Tomorrow the market will get a look at milk production numbers for June, which are expected to come in 1.8% higher from year ago levels and while that’s not robust growth—it’s growth nonetheless (see table below). Rather mild conditions in the Midwest have offset the negative effects from heat in the Western milk shed and with the current massive cheese inventories on hand, it’s tough to make a case for continuation to the upside. That said, the trade is likely approaching that fork in the road where either a challenge of the June highs is on the docket or a pullback to test technical levels of support will materialize. Much of that will be determined by spot action as the spread remains wide at 7 ½ cents.
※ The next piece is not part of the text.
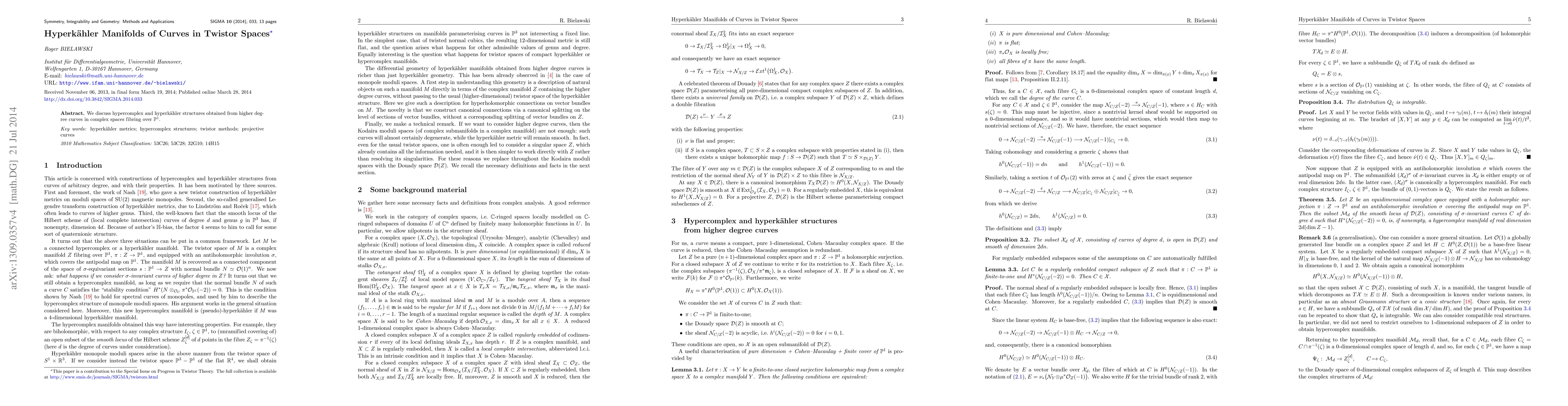 Summary: This paper explores the hypercomplex and hyperkähler structures derived from higher degree curves in complex spaces that fiber over the projective line, focusing on their geometric and topological properties.

We look for Class III and Cheese to open lower, Dry Whey steady.
Class IV, NFDM & Butter
Volatility in the butter market has gone AWOL of late as well, with the trade dismissing the 5% downdraft on GDT while remaining focused on the spot price which is holding around the $2.30 mark. The futures market is likely a bit fatigued and players have temporarily gone to the sidelines for the oxygen mask, as prices have whipsawed over the past month and are now clinging to technical areas of interest. Fear remains a key ingredient to any market and that has been the main driver for quite some time here. It is not implausible to consider that with the uptick in hedging over the past few years that a certain percentage of demand has been pulled forward, which could lead to downdrafts in the market a bit sooner than many might expect. Granted, heat concerns remain at the forefront as well as the heavy pull currently being felt from ice cream producers, but a push higher on spot might just be the tipping point to entice sellers to bring some loads to the exchange.
The NFDM market received mixed signals from yesterday’s GDT auction as WMP posted a 1.9% gain while SMP slipped 1.1%. Couple that with a lower spot call which looks to headed for a test of the $0.85 support level and futures were ripe to trim back as they did yesterday. The trade has been trending sideways to higher but with no real sense of urgency to spark a breakout, futures had likely gotten out a bit ahead of where they should’ve been and have been pressured of late. The CWAP for the week ending July 15th was announced yesterday afternoon at $0.8118, down $0.0550 or 6.3% from the week prior. Sales for the week were reported to have increased by 61.4% week over week to 10,519,545 lbs.
We expect NFDM to open lower, Butter and Class IV to open steady/lower.
Grain markets are under bearish influences as crop ratings remain quite favorable and fund managers unwind long positions and in some cases turned net short as is the case with corn. Yesterday saw heavy pressure as funds were estimated net sellers of 20,000 corn contracts, 18,000 beans and 4,000 wheat. Corn is now flirting with contract lows and beans are revisiting levels seen earlier in the month after failing to close the upside gap left back on July 5th. At this juncture, the trade is largely discounting the extreme heat forecast to hit later this week as it is expected to be short-lived and recent rains should go a long way to getting the crop through it. If weather continues to cooperate then additional pressure could materialize however, this is a weather market and premium can be added just as fast as it’s been taken out.
We look for the grain complex to open with moderate gains.